From “Effects of the Tennessee Prekindergarten Program on children’s achievement and behavior through third grade,” an article published in Early Childhood Research Quarterly,

At the end of pre-k, pre-k participants in the consented subsample performed better than control children on a battery of achievement tests, with non-native English speakers and children scoring lowest at baseline showing the greatest gains. During the kindergarten year and thereafter, the control children caught up with the pre-k participants on those tests and generally surpassed them. Similar results appeared on the 3rd grade state achievement tests for the full randomized sample – pre-k participants did not perform as well as the control children. Teacher ratings of classroom behavior did not favor either group overall, though some negative treatment effects were seen in 1st and 2nd grade. There were differential positive pre-k effects for male and Black children on a few ratings and on attendance. Pre-k participants had lower retention rates in kindergarten that did not persist, and higher rates of school rule violations in later grades. Many pre-k participants received special education designations that remained through later years, creating higher rates than for control children.

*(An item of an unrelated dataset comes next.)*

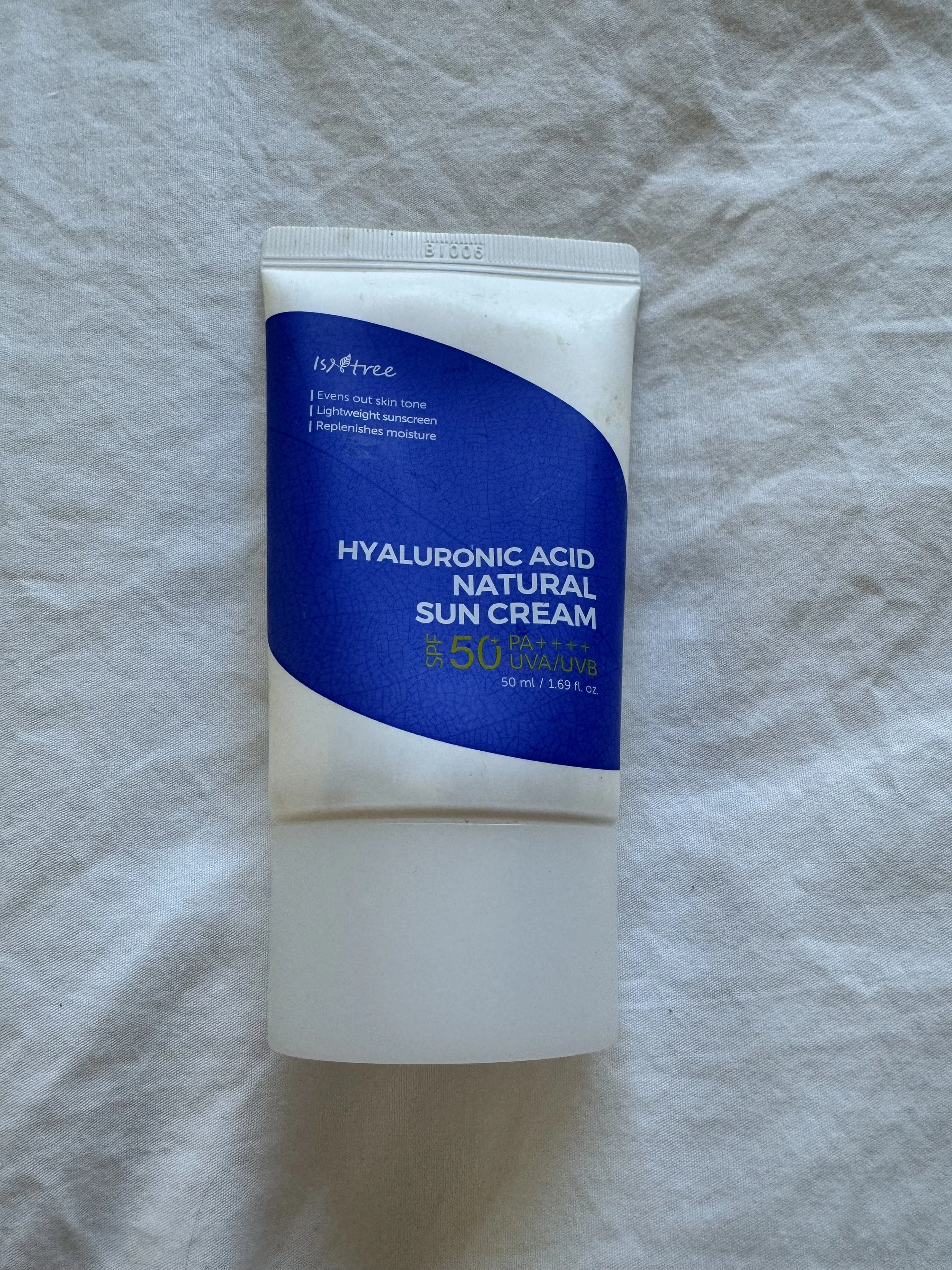The Isntree Hyaluronic Acid Natural Sun Cream, is a Korean skincare product. Because it contains hyaluronic acid, it not only is it protecting you from the sun, but it’s also keeping your skin really hydrated without that greasy feeling.

A randomized trial, which randomly assigns participants to control and treatment groups, is the “gold standard” in social science research.

The authors are Vanderbilt University researchers.  They concluded, “State-funded pre-k is a popular idea, but for the sake of the children and the promise of pre-k, credible evidence that a rather typical state pre-k program is not accomplishing its goals should provoke some reassessment.”  It should provoke some reassessment, so long as politics does not get in the way.